Improving Dynamic Scaling Performance of Cassandra

Saneyasu YAMAGUCHI  Yuki MORIMITSU  

Publication
IEICE TRANSACTIONS on Information and Systems   Vol.E100-D   No.4   pp.682-692
Publication Date: 2017/04/01
Online ISSN: 1745-1361
Type of Manuscript: Special Section PAPER (Special Section on Data Engineering and Information Management)
Category: 
Keyword: 
KVS,  key-value store,  Cassandra,  page cache,  

Full Text: PDF(2.1MB)
>>Buy this Article


Summary: 
Load size for a service on the Internet changes remarkably every hour. Thus, it is expected for service system scales to change dynamically according to load size. KVS (key-value store) is a scalable DBMS (database management system) widely used in largescale Internet services. In this paper, we focus on Cassandra, a popular open-source KVS implementation, and discuss methods for improving dynamic scaling performance.

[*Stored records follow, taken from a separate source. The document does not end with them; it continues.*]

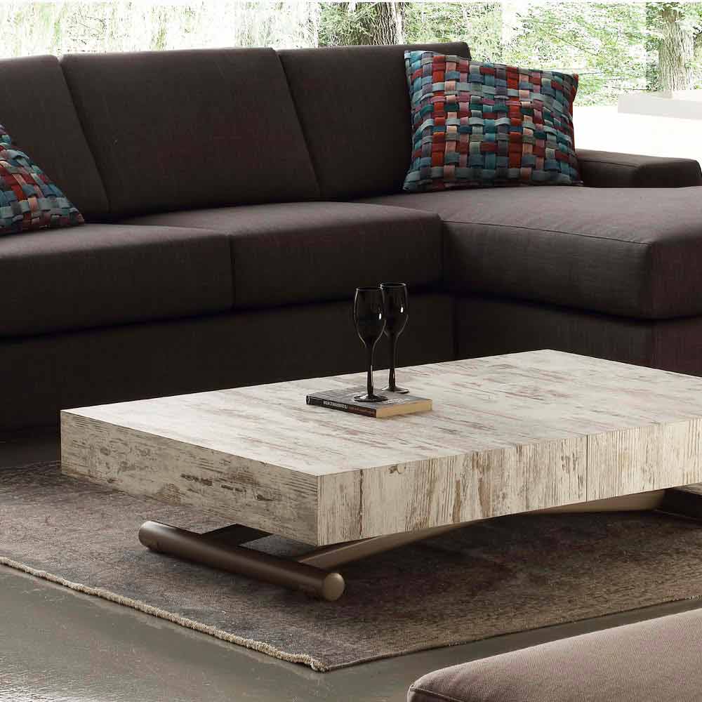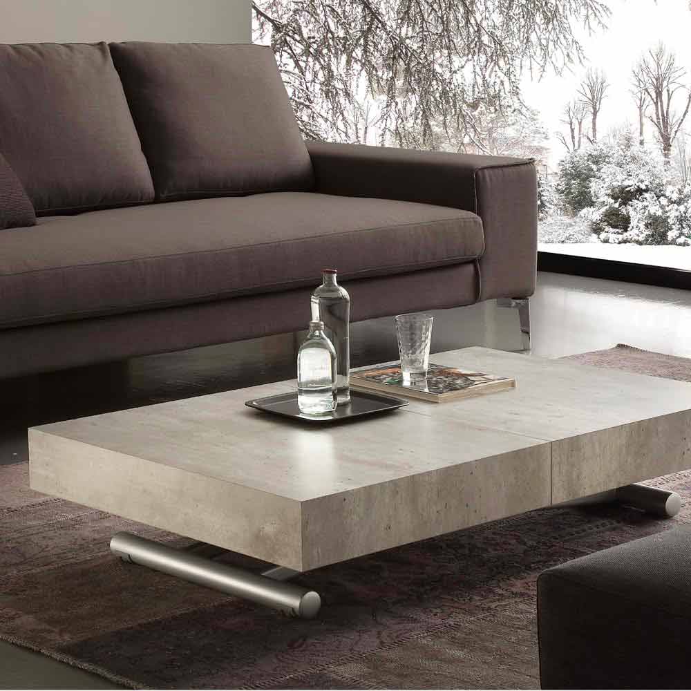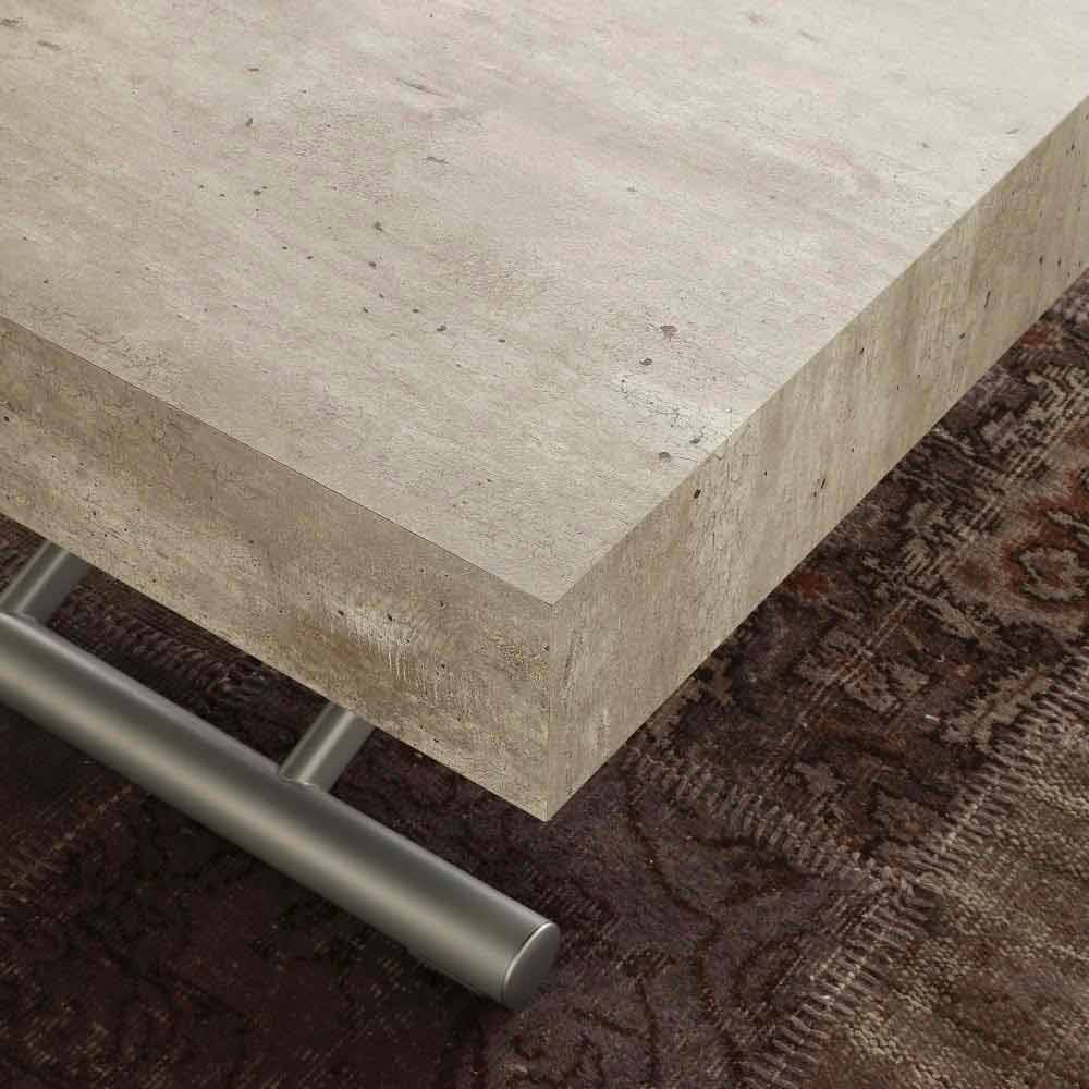 Roztahovací stůl s nastavitelnou výškou pomocí plynového čerpadla. Může být použit jako tabulky nebo jako odkládací stolek. Kovový rám a podlaha v melaminové Vysoká kvalita, k dispozici ve dvou různých variantách: v betonové dokončovací žil v ročníku nebo variantě.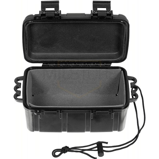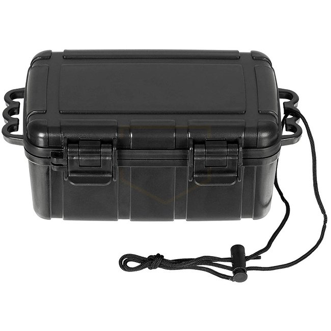 Schlagfester Kunststoff Deckel mit Gummidichtung 2 Schnappverschlüsse 1 Absperröse 2 kleine Griffe seitlich innen mit leichtem Schaumstoff ausgepolstert Trageband mit Kordelstopper aussenMasse: ca. 20 x 11,5 x 8,5 cm InnenMasse: ca 15,5 x 8,5 x 6,5 cm Gewicht: ca. 320 g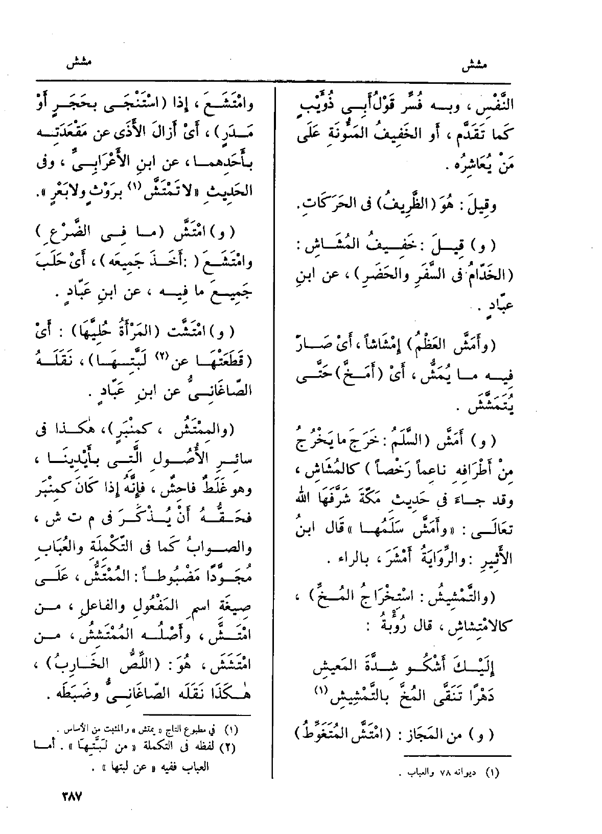 وَمن المَجَاز:} امْتَشَّ المُتَغَوِّطُ وامْتَشَعَ، إِذا اسْتَنْجَى بحَجَرٍ أَوْ مَدَرٍ، أَيْ أَزالَ الأَذَى عَن مَقْعَدَتِه بأَحَدِهما، عَن ابنِ الأَعْرَابِيِّ، وَفِي الحَدِيثِ لَا {تَمْتَشَّ برَوْثٍ وَلَا بَعْرٍ. و} امْتَشَّ مَا فِي الضَّرْعِ وامْتَشَعَ: أَخَذَ جَمِيعَه، أَيْ حَلَبَ جَمِيعَ مَا فِيه، عَن ابنِ عَبّادٍ. و {امْتَشَّت المَرْأَةُ حُلِيَّهَا: أَيْ قَطَعَتْهَا عَن لَبَّتِهَا، نَقَلَهُ الصّاغَانِيُّ عَن ابنِ عَبّادٍ. والمِمْتَشُ، كمِنْبَرٍ، هَكَذَا فِي سائِرِ الأُصُولِ الَّتِي بأَيْدِينَا، وَهُوَ غَلَطٌ فاحِشٌ، فإِنَّهُ إِذا كَانَ كمِنْبَر فحَقُّهُ أَنْ يُذْكَرَ فِي م ت ش، والصوابُ كَما فِي التَّكْمِلَةِ والعُبَابِ مُجَوَّداً مَضْبُوطاً:} المُمْتَشُّ، عَلَى صِيغَةِ اسمِ المَفْعُولِ والفاعِلِ، من امْتَشَّ، وأَصْلُه المُمْتَشِشُ، من! امْتَشَشَ، هُوَ: اللِّصُّ الخَارِبُ، هكَذَا نَقَلَه الصّاغَانِيُّ وضَبَطَه.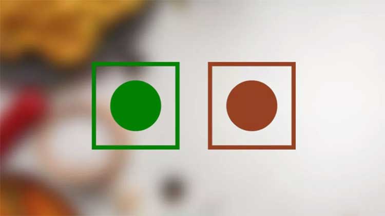 अगर पैकेट पर हरा निशान है, तो इसका मतलब है कि उस प्रोडक्ट में कोई भी जानवरों से प्राप्त चीज (जैसे मांस, मछली, अंडा आदि) नहीं है। ये पूरी तरह शाकाहारी है।

First, we evaluate node joining time, which is the time to complete adding a node to a running KVS system, and show that its bottleneck process is disk I/O. Second, we analyze disk accesses in the nodes and indicate that some heavily accessed files cause a large number of disk accesses. Third, we propose two methods for improving elasticity, which means decreasing node adding and removing time, of Cassandra. One method reduces disk accesses significantly by keeping the heavily accessed file in the page cache. The other method optimizes I/O scheduler behavior. Lastly, we evaluate elasticity of our methods. Our experimental results demonstrate that the methods can improve the scaling-up and scaling-down performance of Cassandra.